Benchmarking Inpatient Mortality Using Electronic Medical Record Data: A Retrospective, Multicenter Analytical Observational Study

Author Department

Pulmonary/Critical Care Medicine

Document Type

Article, Peer-reviewed

Publication Date



Objectives: To develop a model to benchmark mortality in hospitalized patients using accessible electronic medical record data.

Design: Univariate analysis and multivariable logistic regression were used to identify variables collected during the first 24 hours following admission to test for risk factors associated with the end point of hospital mortality. Models were built using specific diagnosis (International Classification of Diseases, 9th Edition or International Classification of Diseases, 10th Edition) captured at discharge, rather than admission diagnosis, which may be discordant. Variables were selected based, in part, on prior the Acute Physiology and Chronic Health Evaluation methodology and included primary diagnosis information plus three aggregated indices (physiology, comorbidity, and support). A Physiology Index was created using parsimonious nonlinear modeling of heart rate, mean arterial pressure, temperature, respiratory rate, hematocrit, platelet counts, and serum sodium. A Comorbidity Index incorporates new or ongoing diagnoses captured by the electronic medical record during the preceding year. A Support Index considered 10 interventions such as mechanical ventilation, selected IV drugs, and hemodialysis.

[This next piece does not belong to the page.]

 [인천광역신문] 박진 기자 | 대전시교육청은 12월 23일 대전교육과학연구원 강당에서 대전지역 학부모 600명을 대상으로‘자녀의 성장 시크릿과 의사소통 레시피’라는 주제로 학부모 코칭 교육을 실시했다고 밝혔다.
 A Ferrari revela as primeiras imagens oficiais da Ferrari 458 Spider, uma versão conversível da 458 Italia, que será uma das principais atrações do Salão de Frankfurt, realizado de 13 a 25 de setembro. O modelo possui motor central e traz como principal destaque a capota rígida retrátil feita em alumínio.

Accuracy was determined using area under the receiver operating curve for discrimination, calibration curves, and modified Brier score for calibration.

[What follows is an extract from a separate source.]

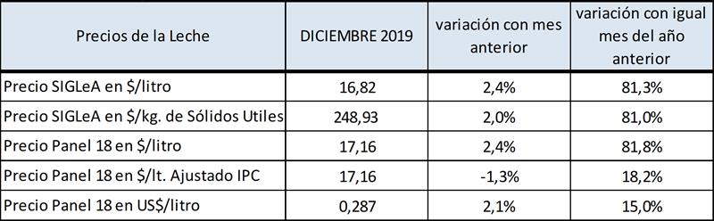 Precios de la leche al Productor – valores a diciembre de 2019 19/1/2020

Setting and patients: We used deidentified electronic medical record data from 74,434 adult inpatients (ICU and ward) at 15 hospitals from 2010 to 2013 to develop the mortality model and validated using data for additional 49,752 patients from the same 15 hospitals. A second revalidation was accomplished using data on 83,684 patients receiving care at six hospitals between 2014 and 2016. The model was also validated on a subset of patients with an ICU stay on day 1.

Interventions: None.

Measurements and main results: This model uses physiology, comorbidity, and support indices, primary diagnosis, age, lowest Glasgow Coma Score, and elapsed time since hospital admission to predict hospital mortality. In the initial validation cohort, observed mortality was 4.04% versus predicted mortality 4.12% (Student t test, p = 0.37). In the revalidation using a different set of hospitals, predicted and observed mortality were 2.66% and 2.99%, respectively. Area under the receiver operating curve were 0.902 (0.895-0.909) and 0.884 (0.877-0.891), respectively, and calibration curves show a close relationship of observed and predicted mortalities. In the evaluation of the subset of ICU patients on day1, the area under the receiver operating curve was 0.87, with an observed mortality of 8.78% versus predicted mortality of 8.93% (Student t test, p = 0.52) and a standardized mortality ratio of 0.98 (0.932-1.034).

Conclusions: Variables considered by traditional ICU prognostic models accurately benchmark patient mortality for patients receiving care in multiple hospital locations, not only the ICU. Unlike Acute Physiology and Chronic Health Evaluation, this model relies on electronic medical record data alone and does not require personnel to collect the independent predictor variables. Assessing the model's utility for benchmarking hospital performance will require prospective testing in a larger representative sample of hospitals.